De Pliskin, on se rappelle L’Agent dormant, irrésistible portrait de l’intellectuel de gauche autoproclamé subversif et ami des minorités, mais cachant sous son vernis moral un train de vie de grand-bourgeois et un goût honteux pour le succès. Ce nouveau roman brasse des thèmes déjà explorés dans les précédents : la paternité, le moralisme de gauche, les ambiguïtés de l’apologie du métissage. Le héros, David Levy, est prof de fac, spécialiste de l’histoire des génocides, pénétré de bien-pensance bobo (sur les émeutes en banlieue : « Le feu est le langage de ceux qui n’ont pas les mots »).
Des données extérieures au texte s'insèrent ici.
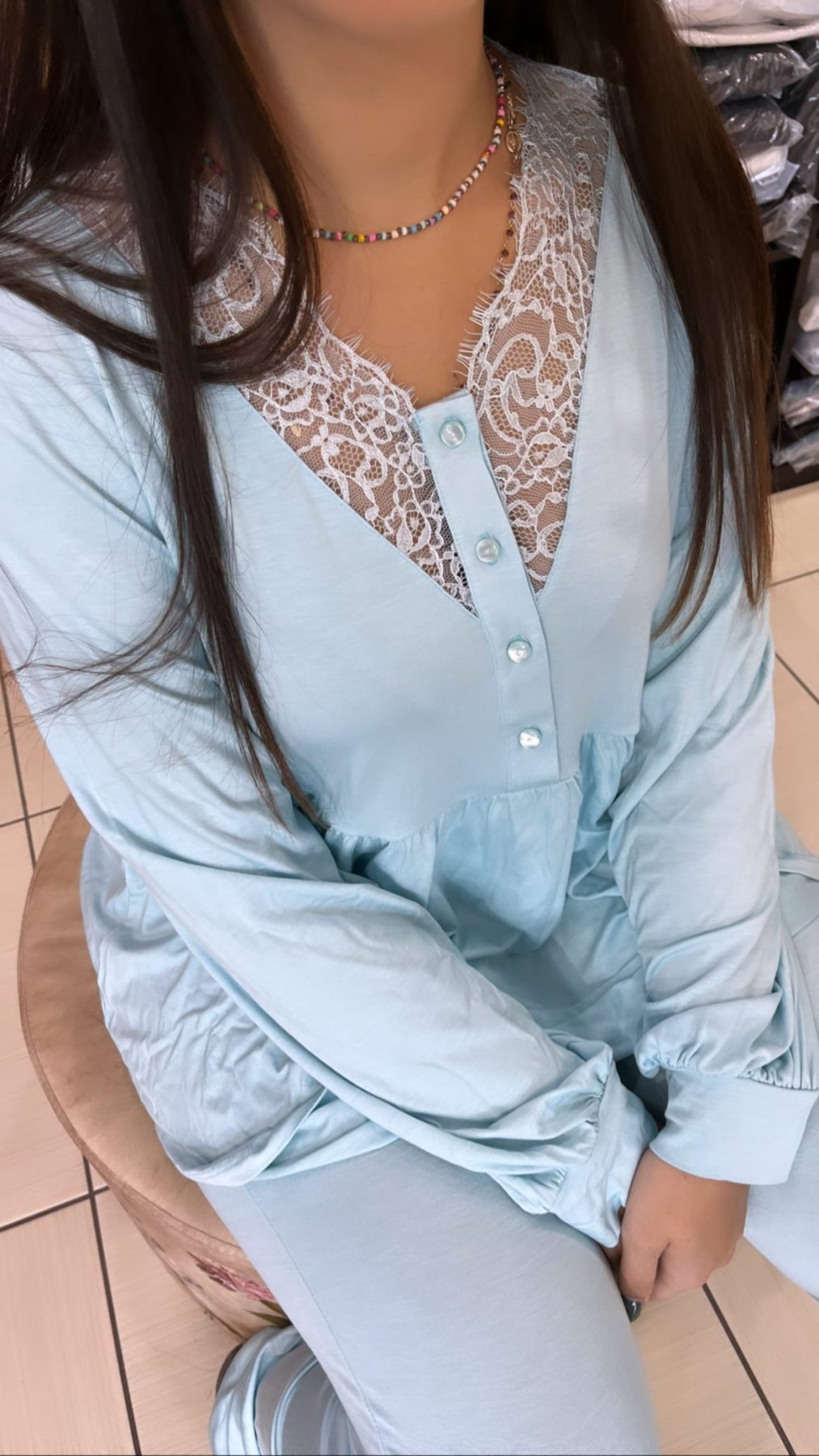 Scopri il nostro pigiama con taglio serafino e bottoni, un capo elegante e raffinato che unisce comfort e stile. Il design con scollo a V, arricchito da un delicato pizzo, aggiunge un tocco di femminilità, mentre i bottoni con dettaglio brillantino donano un accento di luce sofisticato. Realizzato in morbido tessuto, questo pigiama offre una vestibilità comoda e confortevole, ideale per la notte o per momenti di relax a casa. Perfetto per chi cerca un abbigliamento da notte chic, con dettagli eleganti che non passano inosservati. Un must-have per le tue serate di riposo.
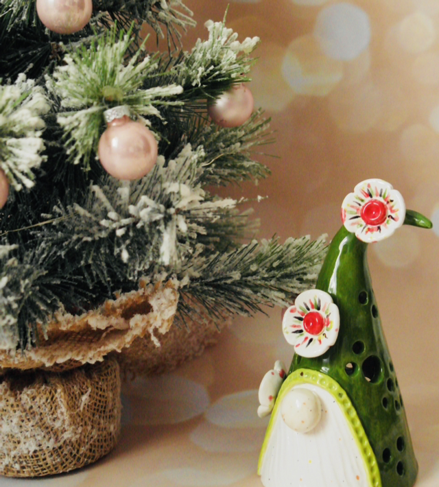 Photophore gnome de Noël en céramique
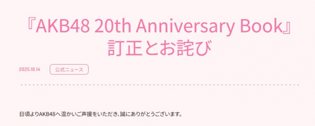 AKB48、20周年のメモリアルブックに掲載ミス 手書きメッセージの入れ替わりが判明し謝罪
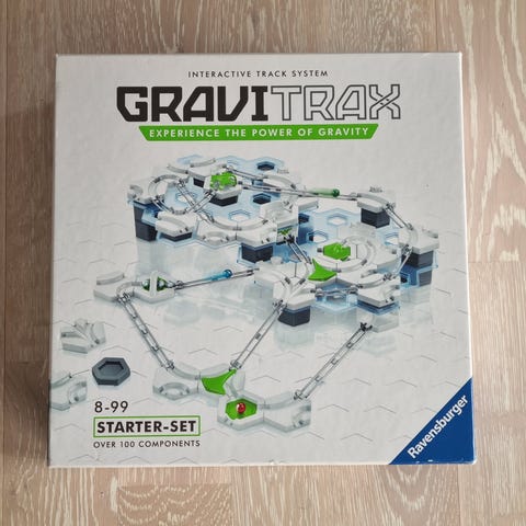 Ravensburger GraviTrax Starter-Set kulbana med många delar för att bygga egna banor. Innehåller bland annat hexagonplattor, skenor och instruktioner på svenska.
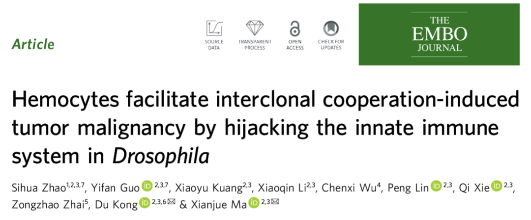2025年8月22日,西湖大学生命科学学院/西湖实验室马仙珏课题组在《The EMBO Journal》发表了题为《Hemocytes facilitate interclonal cooperation-induced tumor malignancy by hijacking the innate immune system in Drosophila》的研究论文。该研究借助新型果蝇细胞间通讯肿瘤模型,揭示了异质性肿瘤与微环境中的免疫细胞通过细胞间通讯推动良性肿瘤向恶性表型转化的新机制。
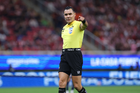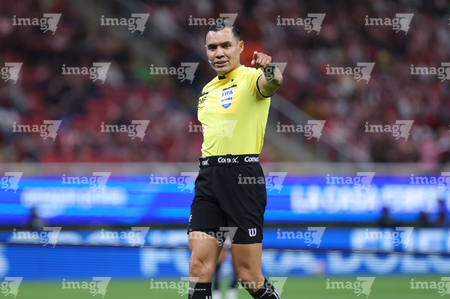 Zapopan, Jalisco, 25 de octubre de 2025. Marco Antonio Ortiz, árbitro central, durante el partido correspondiente a la jornada 15 del torneo Apertura 2025 de la Liga BBVA MX, entre las Chivas Rayadas del Guadalajara y los Rojinegros del Atlas, realizado en el estadio Akron. Foto: Imago7/ Juan Carlos Cubeyro.
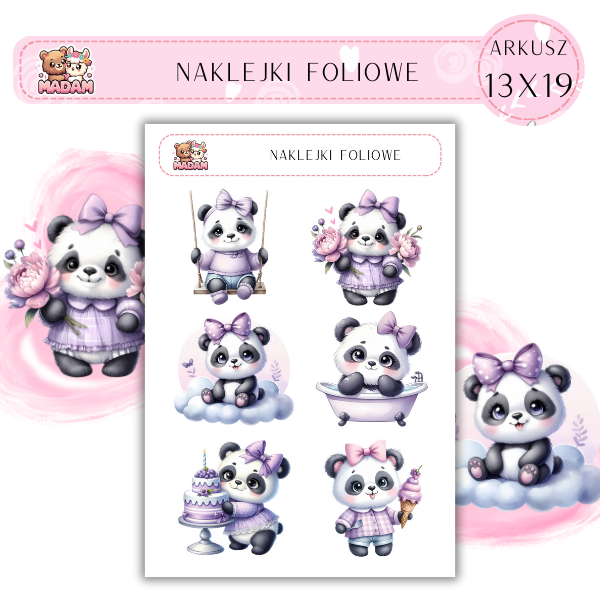 Naklejki foliowe Panda 6 sztuk na arkuszu, MaDam
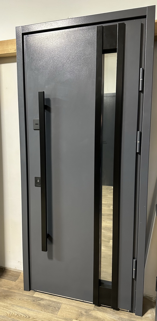 ЛЮКС сіра RAL 7024 Метал – МДФ (зі склопакетом)
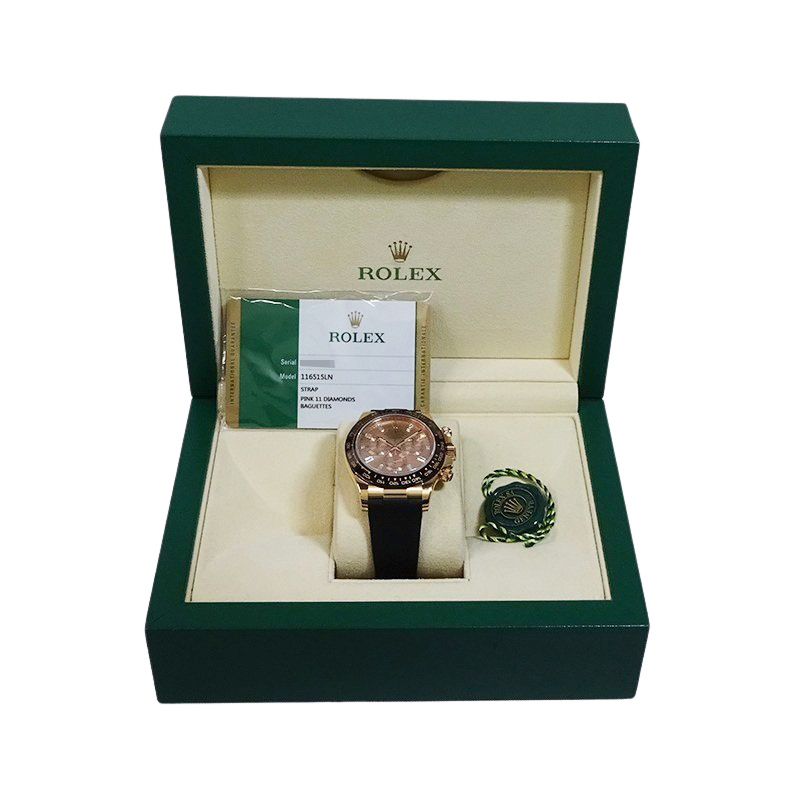 【モデル】コスモグラフデイトナ 【型番】116515LNA 【シリアル】ランダム番 【素材】エバーローズゴールド 【ムーブメント】自動巻き 【文字盤】ローズゴールド文字盤 【ケースサイズ】約40.0mm (ラグ・リューズを除く) 【ベルト】社外ラバーベルト 【腕回り】約19.0cm 【付属品】内箱・保証書(2017年)・純正レザーベルト 【コンディション】中古 【商品ID】FL-MSD-02 【状態コメント】 ケース・バックルに僅かな小傷が見受けられますが、目立つ大きな傷などはないコンディションです。 風防は、目立つ大きな傷などなく視認性に問題ありません。 【おすすめポイント】 エバーローズゴールドケースにバケットダイヤインデックスがラグジュアリー感溢れる1本です。 |

La première moitié du livre est une sorte de portrait par tranches de vie empilées : David en société (« Il répugne à l’admettre, mais tous ses amis sont blancs »), David en famille, David et son bébé en poussette dans le quartier République. Tout bascule lorsqu’il rencontre Bintu, la fille de son avocat de voisin : 22 ans, métisse, délurée, agressive et conseillère municipale UMP à Amiens. Cette beauté suscite chez lui une passion violente : il quitte femme et enfant et emménage avec elle, sans qu’on sache si c’est la femme ou le cliché social et le défi personnel qu’elle incarne (vivre en conformité avec ses principes, abandonner son monde blanc pour se frotter à cette altérité noire qu’il célèbre sans cesse) qu’il aime vraiment. L’affaire finira mal, évidemment… Chronique sociale et satirique, sorte de Petit-frère (le best-seller de Zemmour) en infiniment mieux, Le Juif et la métisse est une charge piquante sur la bourgeoisie de gauche, le flot de lieux communs qui lui tient lieu de morale, sa charmante hypocrisie (David plaide pour le mélange social tout en fraudant pour inscrire ses enfants dans un établissement moins coloré – public, cela dit, en sorte que sa conscience est sauve) et l’explosion de ses idées au contact de la réalité.
L’ensemble demeure malgré tout moins abouti que L’Agent dormant (scènes de famille un peu longuettes dans la première moitié, avec son cortège de diarrhées infantiles et de couches-culottes), dont il reprend d’ailleurs le propos. On regrette l’impression de déjà lu, tout en appréciant l’efficacité de la caricature.